JMO / UK = OK ( what are the numbers)
• March 24th 2010, 04:56 AM
sa-ri-ga-ma
Quote:

Originally Posted by nazz
How many different solutions are there to this division? different letters stand for different digits and no number begins with zero.

JMO / UK = OK ( what are the numbers)

One solution.
JMO = OK*UK
K cannot be one, because K^2 = 1 = O,. repetition is not allowed.
Let K = 2. Then O = 4
So 42* U2 = JMO.
Product is three digits. U cannot be 3,neither 2. So try one
So 42*12 = 504.
Try other combination, if possible.
• March 24th 2010, 06:24 AM
Grandad
Hello nazz
Quote:

Originally Posted by nazz
How many different solutions are there to this division? different letters stand for different digits and no number begins with zero.

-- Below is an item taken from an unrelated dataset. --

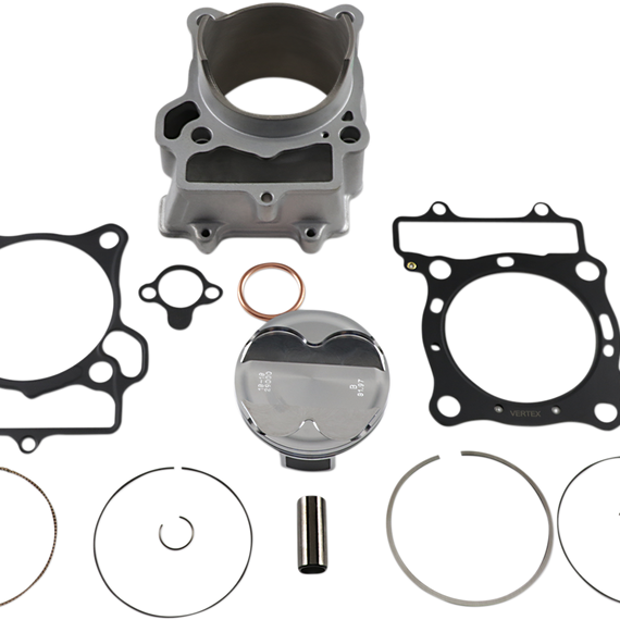 Caracteristicas: Ready-to-install, direct bolt-on cylinders require no re-plating and look virtually identical to the OEM cylinders Cylinder kits include matched Vertex pistons to ensure longevity, performance and reduced engine noise Nickel Silicon Carbide plated for long life Kits come complete with gaskets, cylinder, piston, rings, pin and clips Big bore cylinders do not require machine work Made in the U.S.A.
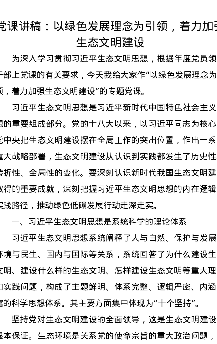 党课讲稿:以绿色发展理念为引领,着力加强生态文明建设

JMO / UK = OK ( what are the numbers)

I think the complete set of solutions is:
$\begin{array}{c c c c c}
J&M&O&U&K\\
5&0&4&1&2\\
8&9&6&1&4\\
7&4&1&3&9\\
9&3&1&4&9\\
\end{array}$
Grandad
• March 24th 2010, 07:14 AM
sa-ri-ga-ma
Quote:

Originally Posted by Grandad
Hello nazzI think the complete set of solutions is:
$\begin{array}{c c c c c}
J&M&O&U&K\\
5&0&4&1&2\\
8&9&6&1&4\\
7&4&1&3&9\\
9&3&1&4&9\\
\end{array}$
Grandad

In the last set there is a repetition which is not allowed.
• March 24th 2010, 07:37 AM
Grandad
Quote:

Originally Posted by sa-ri-ga-ma
In the last set there is a repetition which is not allowed.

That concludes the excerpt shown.